Friday, 4 March 2011

Shiver

Shiver 
By Maggie Stiefvater
Blurb: 

The pack circled around me, tongues and teeth and growls.

When a local boy is killed by wolves, Grace’s small town becomes a place of fear and suspicion. 
But Grace can’t help being fascinated by the pack, and by one yellow-eyed wolf in particular. 
There’s something about him - something almost human. 
Then she meets a yellow-eyed boy whose familiarity takes her breath away... 


Critics Reviews: Shiver has remained on the bestseller list for over 32 weeks, selling 130,996 copies in 2009. it debuted at #9 on the New York Times Bestseller List and made the Amazon Top Ten Books for Teens, is a Indies Choice Book Award Finalist and is part of Publishers Weekly Best Books for Teens.
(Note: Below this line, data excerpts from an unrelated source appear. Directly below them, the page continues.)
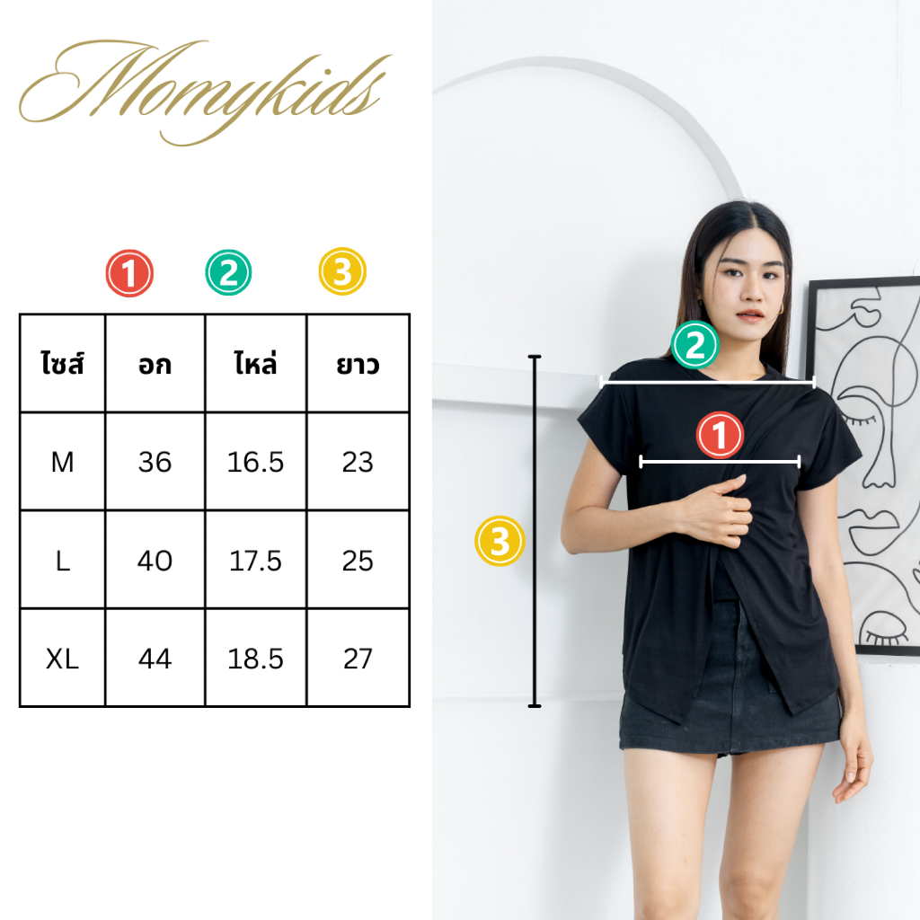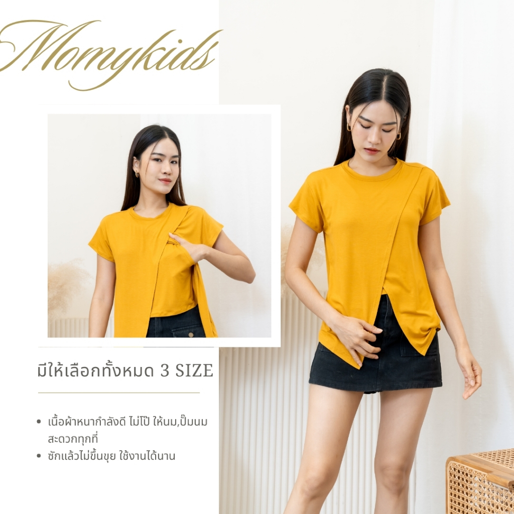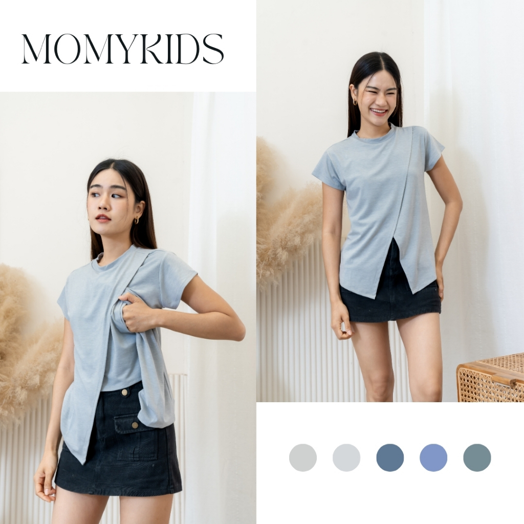 Momykids เสื้อยืดให้นม ผ้า Premium Cotton เปิดให้นมได้ 2 ข้าง สำหรับให้นม
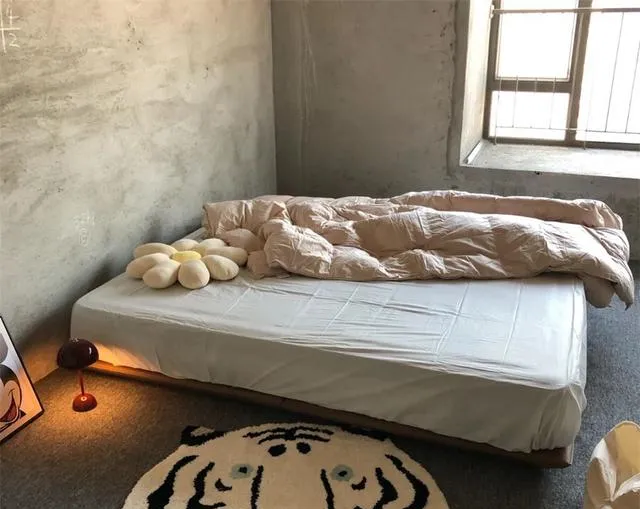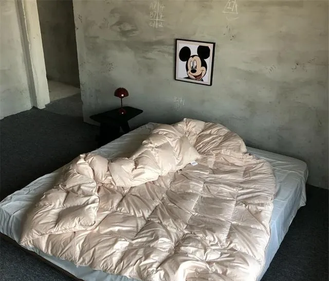 再瞅卧室,还是老套路——没有任何多余的家具。床垫直接往地上一放,铺上被子就能睡。旁边随意摆张小桌子当床头柜,落地台灯和可爱的米奇挂画一放,简直是快手版的北欧风!
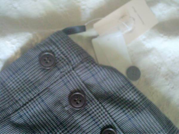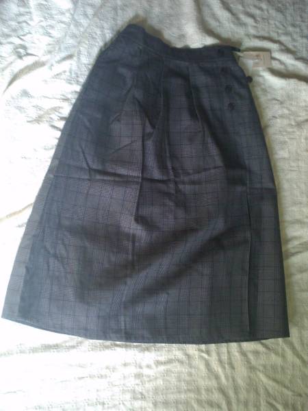 新品タグ付きです。 定価 商品代金6,900円+税 カラー グレーxブルーのグレンチェック 素材 表地 ポリエステル65% レーヨン35% 裏地 ポリエステル サイズ M 実寸 ウェスト64―86 ヒップ122 着丈74.5cm ウェストは背中側がゴムです。 | ||

My Review: Yes, I am a fan of the Twilight books. I realise this holds a bit of weight these days, but don’t let that put you off. 
I knew when I saw this book on Amazon that, like many teen books recently, Shiver is aimed at the Twilight market. This isn’t necessarily a bad thing. In fact, in many ways this has helped me broaden my reading.
Shiver, though, isn’t Twilight. There are enough similarities to satisfy fans but overall it much better written and a lot more involving. 
Told through a dual narrative, we follow Grace and Sam as they eventually meet, fall in love... and then the complications begin.
Sam is a werewolf, but Maggie Stiefvater tells Sam’s story with realism and emotion as we learn what that means in Mercy Falls. Being a werewolf means he’s subject to temperature: warmth turns him human, the cold wolf. But that’s not all, after a certain amount of changes Sam and the rest of the werewolves will stop changing human at all and will remain wolves - oblivious to human ways and emotions, basically forgetting their human selves.
Grace enters Sam’s world when she is attacked by the pack in her back garden, from then on she is fixated on seeing ‘her wolf’. It’s not until she finds Sam, newly turned human after being shot by the locals, that she finally gets to meet him. And thus begins their relationship and its consequences.
Such a lot happens in Shiver it really is a rollercoaster ride. 
One of the most heart-felt and interesting books I’ve read for a while, Shiver was a refreshing take on the recent vampire/werewolf fiction that is engulfing teen fiction of late.